Let’s switch back to the structure of a binary. When you build a program, using GCC and without playing with sections, your program is cut into 3 parts: .text, .data, .bss. Interesting part for us is .text. This is were program code is stored. So, when you’re using a function pointer, its address will point into .text section, or it’s not valid. etext meaning end of text (section) is the address of the first instruction after the text section, so every pointer address has to be lower than etext. This gives the first way to check a function pointer. Then, I wondered: pointer has to be higher than something. What? And how to know. What was easy to find: base address of the binary in memory. Indeed, when you start a program, its code is stored in memory. So, I had to find the address of the first instruction. How? While browsing the web, I found that another symbol was also provided by ld: start. This is the address of the entrypoint of the program in memory (most of the time, the main() function of a program is the entrypoint). And most of the time, OS when loading a program puts entrypoint at the begin of the text section in memory.
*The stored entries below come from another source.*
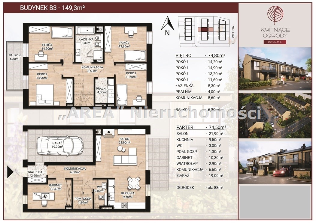 Oferujemy do sprzedaży segment B3 w inwestycji "Kwitnące Ogrody Dojlidzkie" składającej się z 16 budynków mieszkalnych jednorodzinnych, niepodpiwniczonych w zabudowie szeregowej położonych w Białymstoku przy ul. Wodnej na osiedlu Dojlidy Górne.
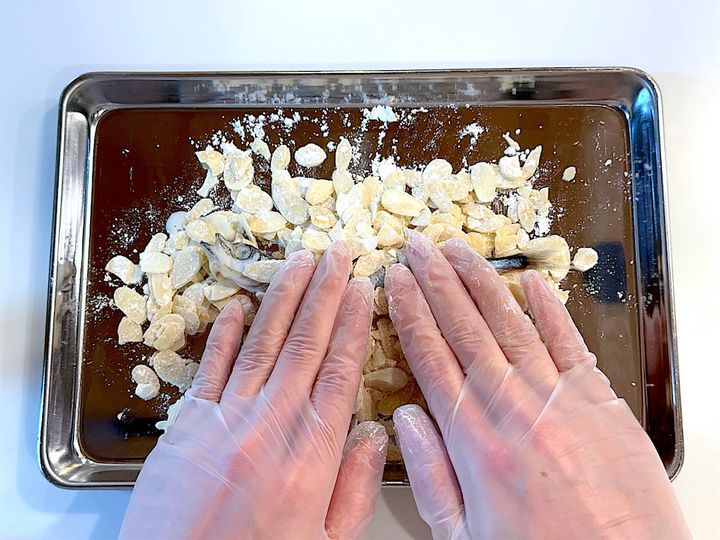 5. バットにスライスアーモンドを広げ、薄力粉を加えてよく混ぜる。
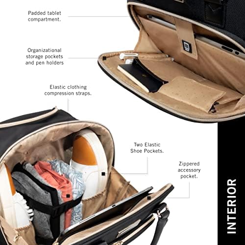Features tablet pocket and a spacious main compartment with shoe pockets and garment restraint straps.
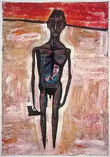 By the 1980s his cramped compositions shift to a centralized, nude figure (often self-portrait) that dominates the composition. The mood and color are somber and the figure is often distorted.
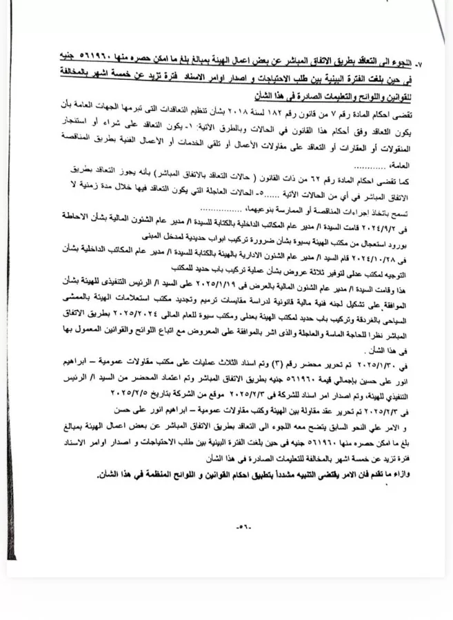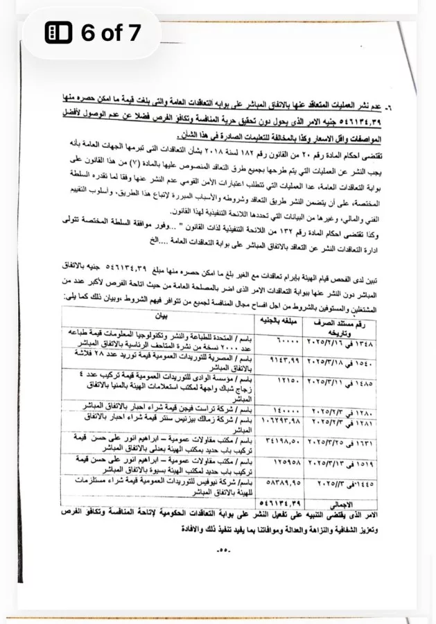 كشف الجهاز عن عدم نشر العمليات المتعاقد عنها بالاتفاق المباشر على بوابة التعاقدات العامة ، والتى بلغت قيمة ما أمكن حصره منها ٥٤٦١٣٤،٤ جنيه، الأمر الذي يحول دون تحقيق حرية المنافسة وتكافؤ الفرص ، فضلًا عن عدم الوصول لأفضل المواصفات وأقل الأسعار، وكذا بالمخالفة للتعليمات الصادرة فى هذا الشأن.
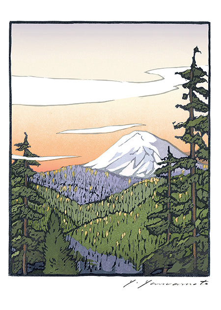 This reproduction image features a woodblock print image of Mt. Rainier during sunset.
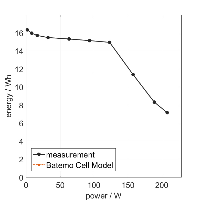 巴特莫测量了在25°C环境温度下,从100%充电状态用恒定电流0.45A (0.1C) 放电直到达到2.5V的C/10能量。热边界条件为自然对流。

So, I wrote the following function:
int is_fct_ptr_valid(void *p)
{
extern char _etext, _start;
return (((char*) p < &_etext) && ((char*) p > &_start));
}
This way, you can check in a more accurate way if a pointer function is valid.
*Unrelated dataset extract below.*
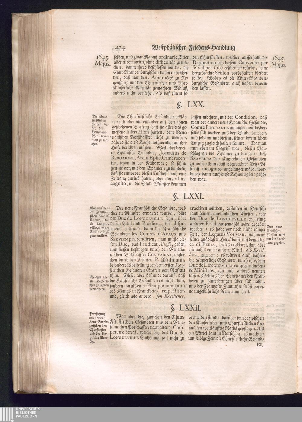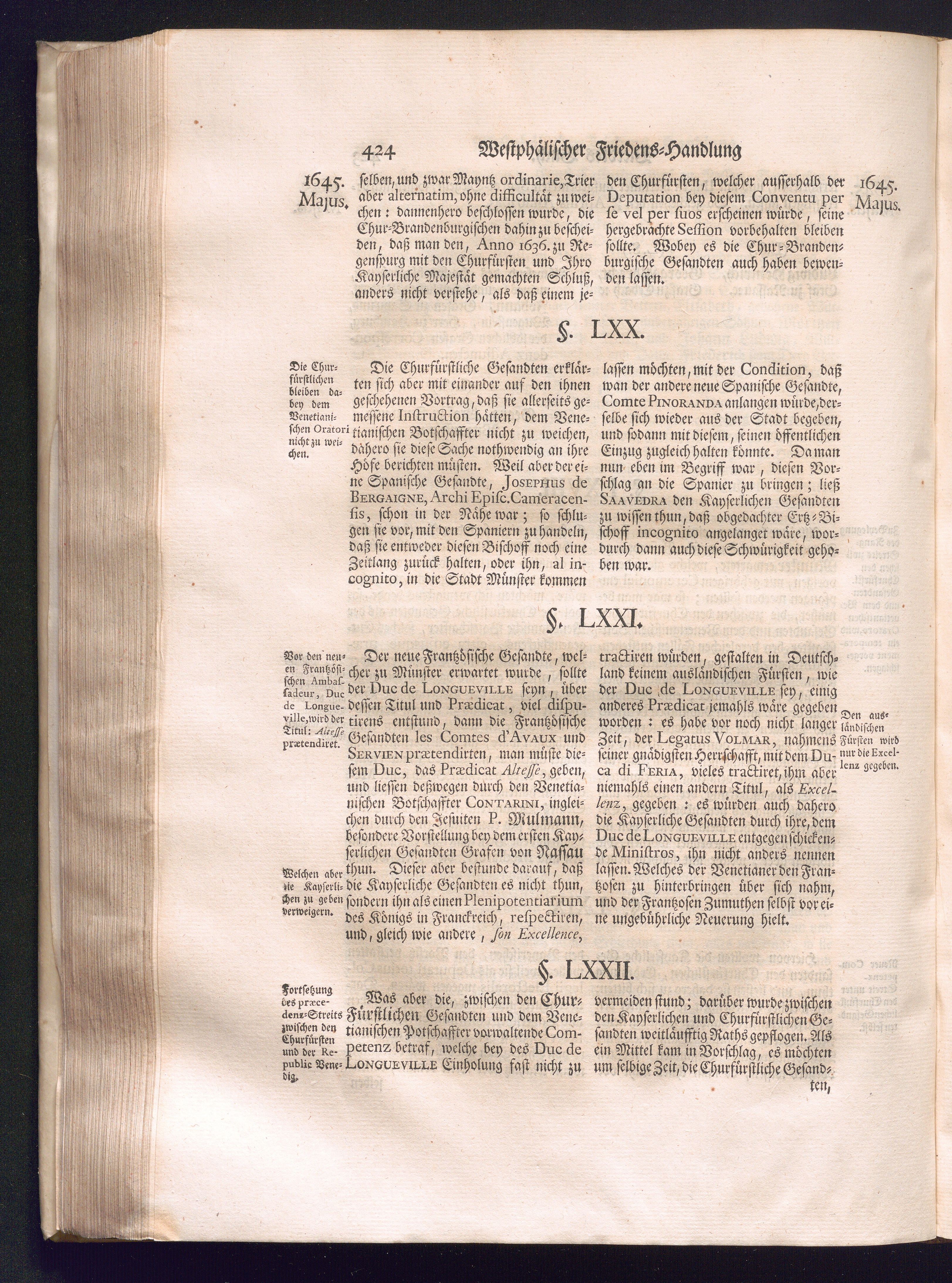 Erster Theil (1734) Worinnen enthalten, was vom Jahr 1643. biß in den Monath October Anno 1645. zwischen Jhro Römisch-Käyserlichen Majestät, dann den Beyden Cronen Franckreich und Schweden, ingleichen des Heiligen Römischen Reichs Chur-Fürsten, Fürsten und Ständen, zu Oßnabrück und Münster gehandelt worden

Then, another question raised in my brain: “OK, you can check functions pointers in a nice way, what about memory now?”. Memory is something harder to check, and I was again a bit lost about how to proceed. I found a first way: most of the time, memory of a program is stored at the end of the program representation in memory. So, pointer address has be higher than end (cf: previous paragraph). And, in fact, having higher address is easy. You just have to use sbrk(0). sbrk is the function you can use to increment heap size of your program, it takes the size of the increment in parameter. 0 means no increment, so it just returns the current higher address.
So, I implemented that and tested. But it failed. I was really stupid thinking that would always work. In fact, in a program, you’ve got two kinds of memory: heap and stack. The method described above is only good at checking heap. Now, the question was: how to check stack then? There was no direct method way to check it, as it was possible for all the rest. Then, I thought about something a bit tricking. When you call a function, memory for local variables is allocated from stack. In fact, you just substract size you need from SP (Stack Pointer) and then, use stack past that given SP. And you do it each time you call a function, even inside another function. And main() is the main function. Then, if you know the address of the stack in main, you know that every other pointer has to be lower than it. And when you call the function to check memory, you know that’s the last called function, so that the pointer to check has to be higher than a pointer you would have in the function. The tricky method was born.
char * sstack;
int is_mem_ptr_valid(void *p)
{
char estack = 0;
extern char _end;
return (((((char*) p > &_end) && (p < sbrk(0))) || (((char*) p < sstack) && ((char*) p > &estack))));
}
int main()
{
char start_stack;
sstack = &start_stack;
/* … */
}
Here, you have the whole process to check memory.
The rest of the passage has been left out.